Dataset extract —

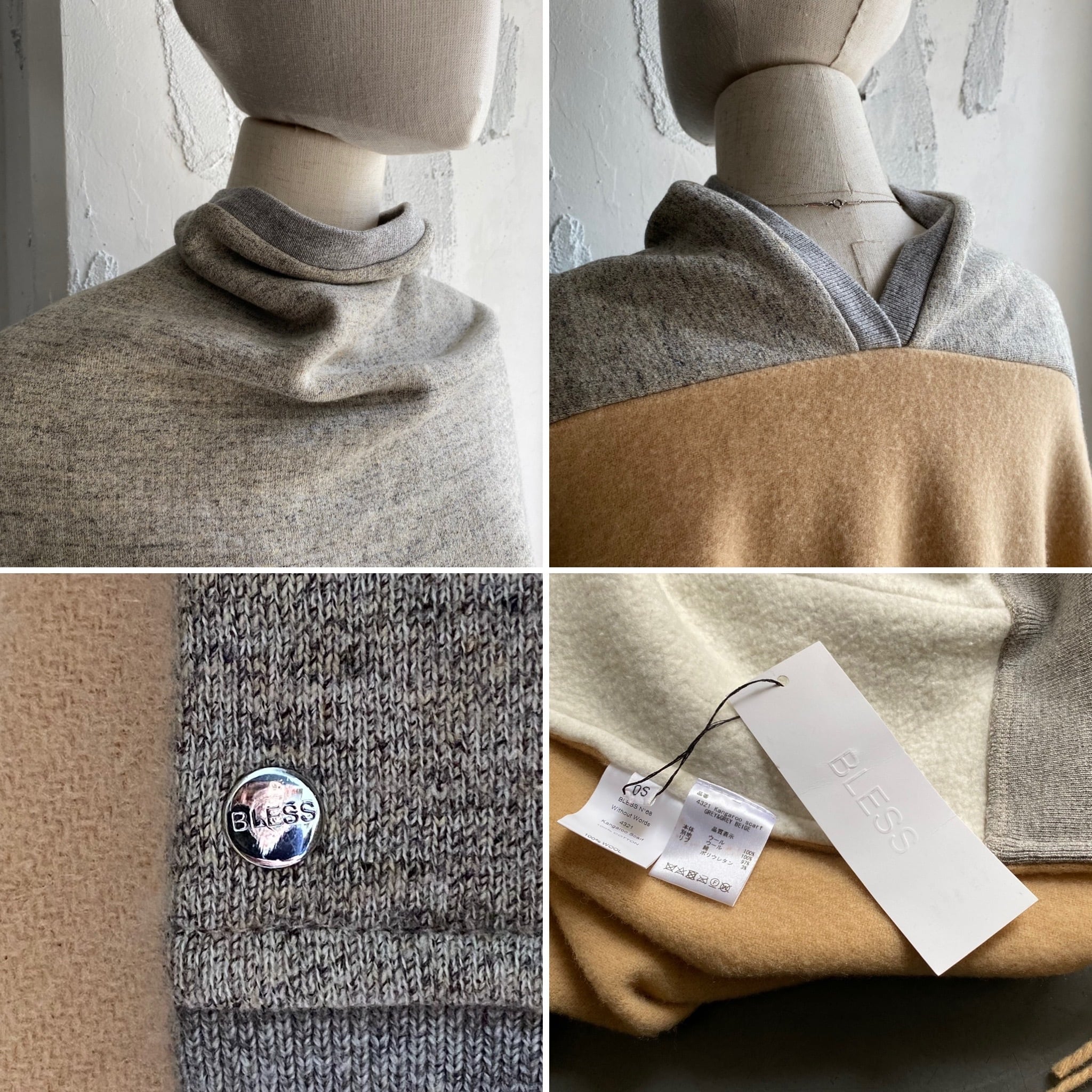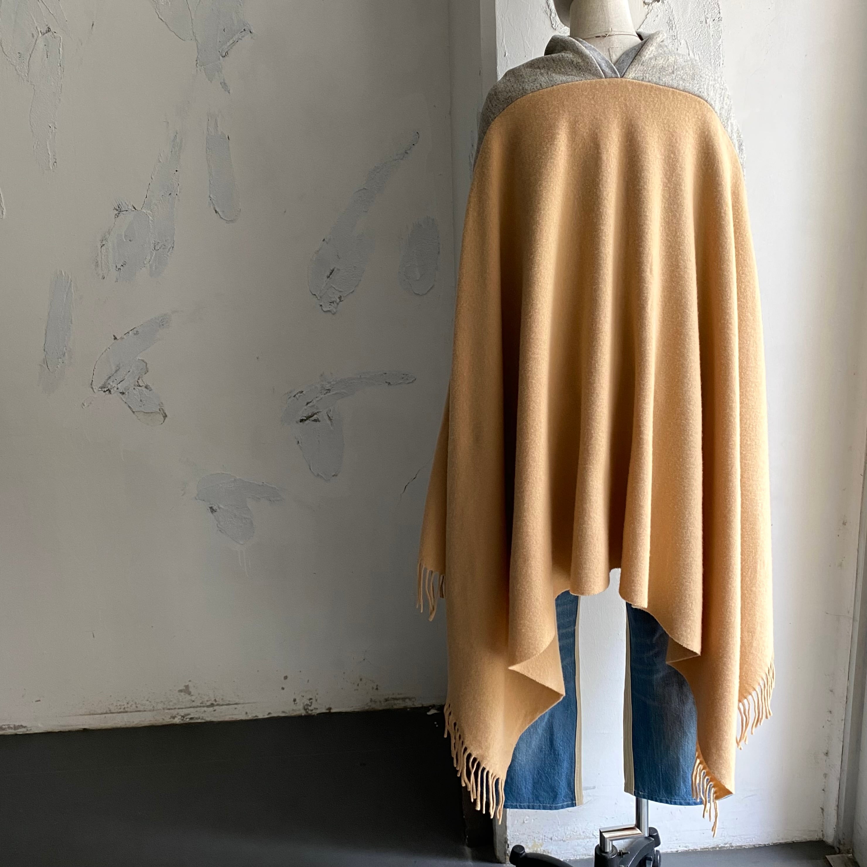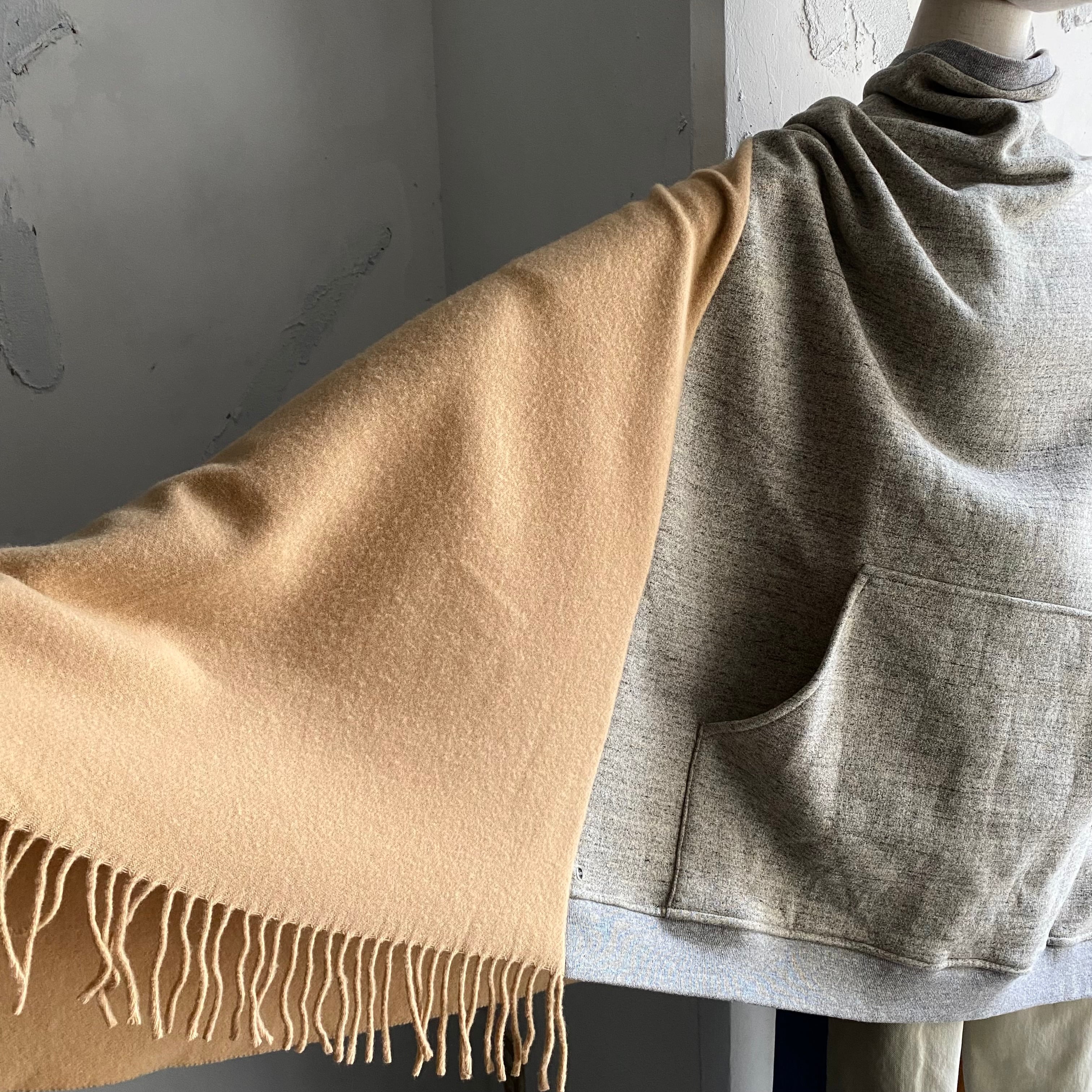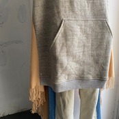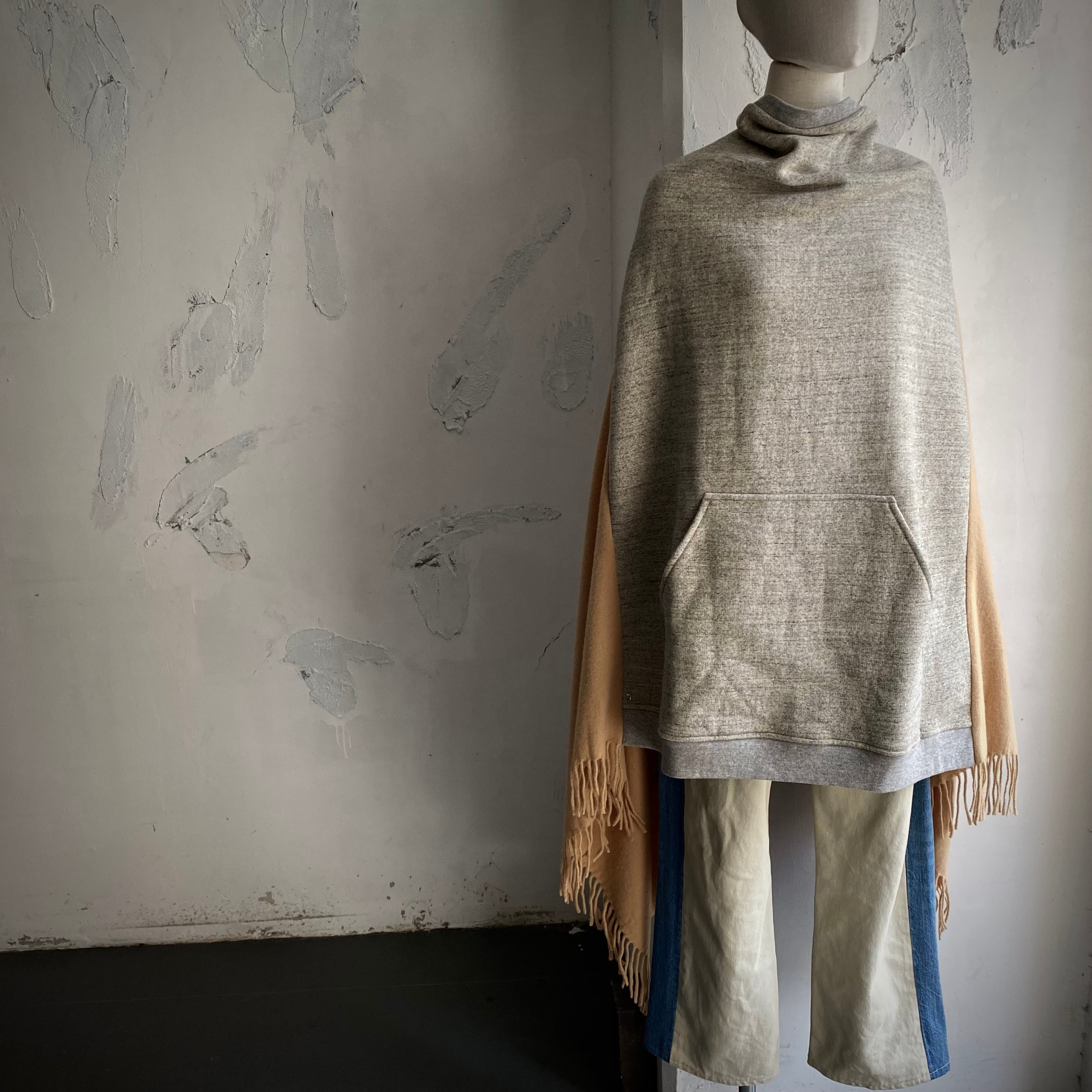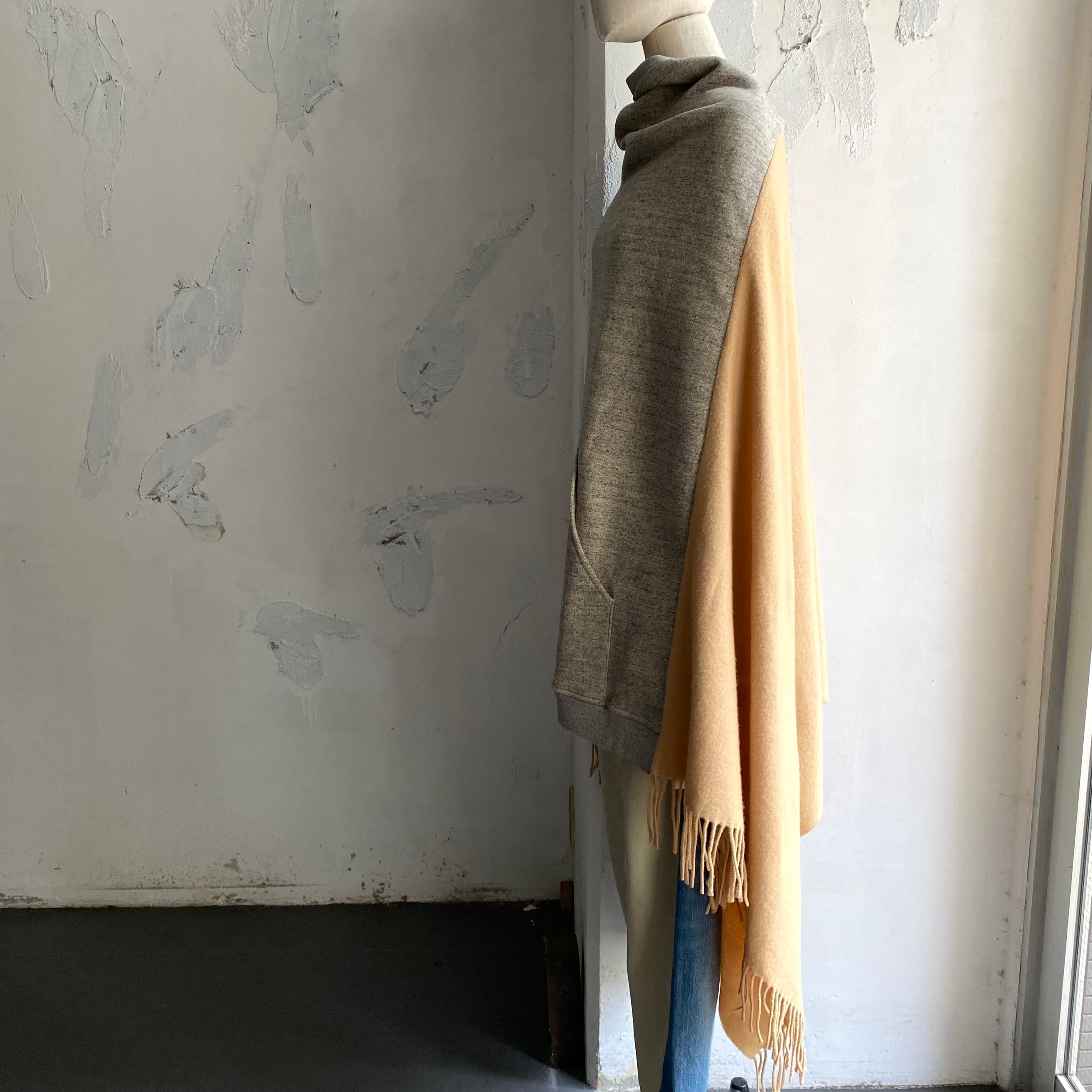 カンガルーポケット付きのスエットとベージュウールのストールをドッキングしたポンチョ。
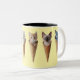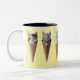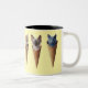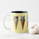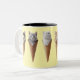Seis raças de gatos grudados de cones de sorvete estão circulando um copo de café.
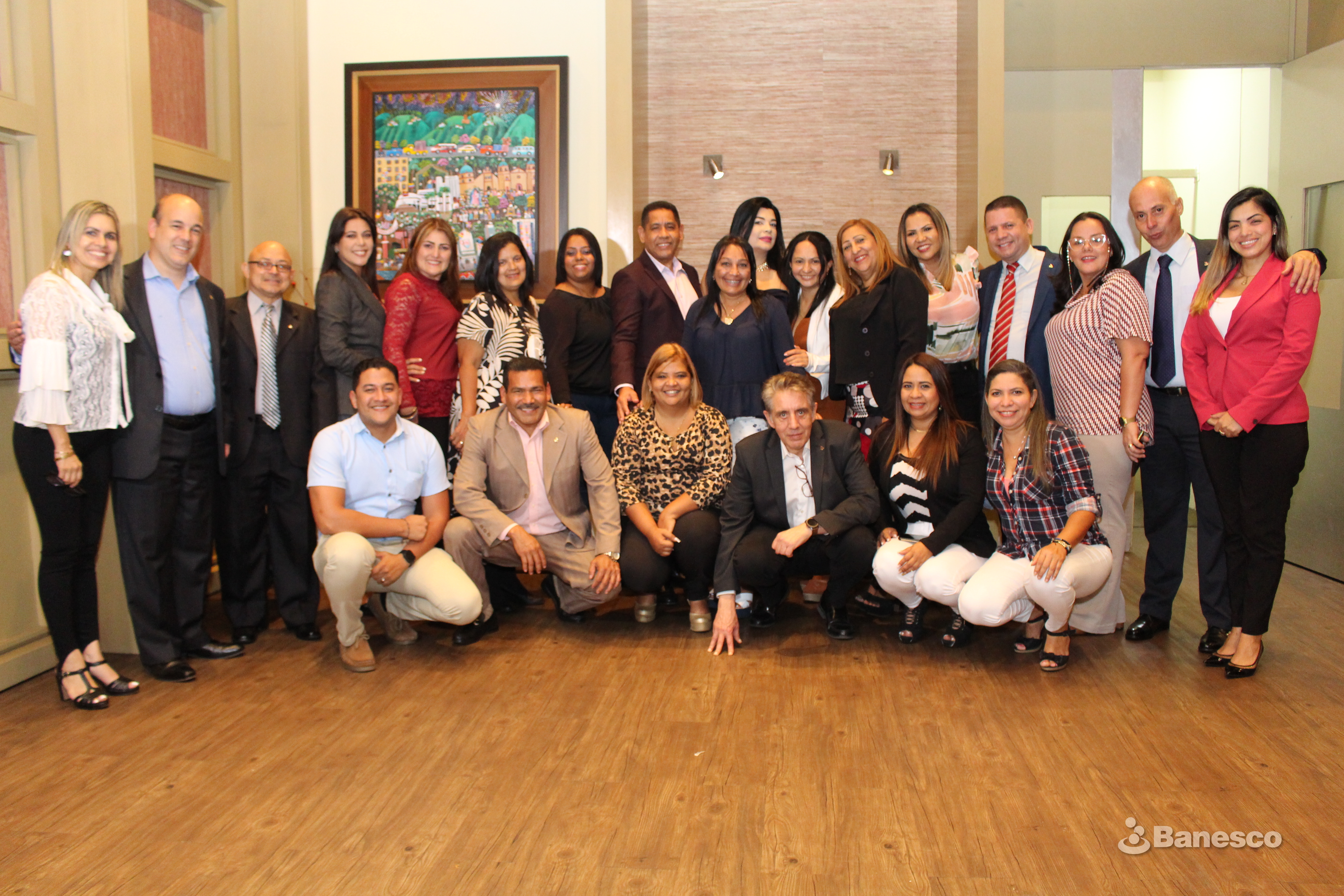 Carlos Lorenzo y Cesar Carrasquero con algunos miembros de Banesco Banco Valencia

What the task asks —
Without the pictures, transcribe the listing above exactly.

Answer to the exercise —
 カンガルーポケット付きのスエットとベージュウールのストールをドッキングしたポンチョ。
Seis raças de gatos grudados de cones de sorvete estão circulando um copo de café.
 Carlos Lorenzo y Cesar Carrasquero con algunos miembros de Banesco Banco Valencia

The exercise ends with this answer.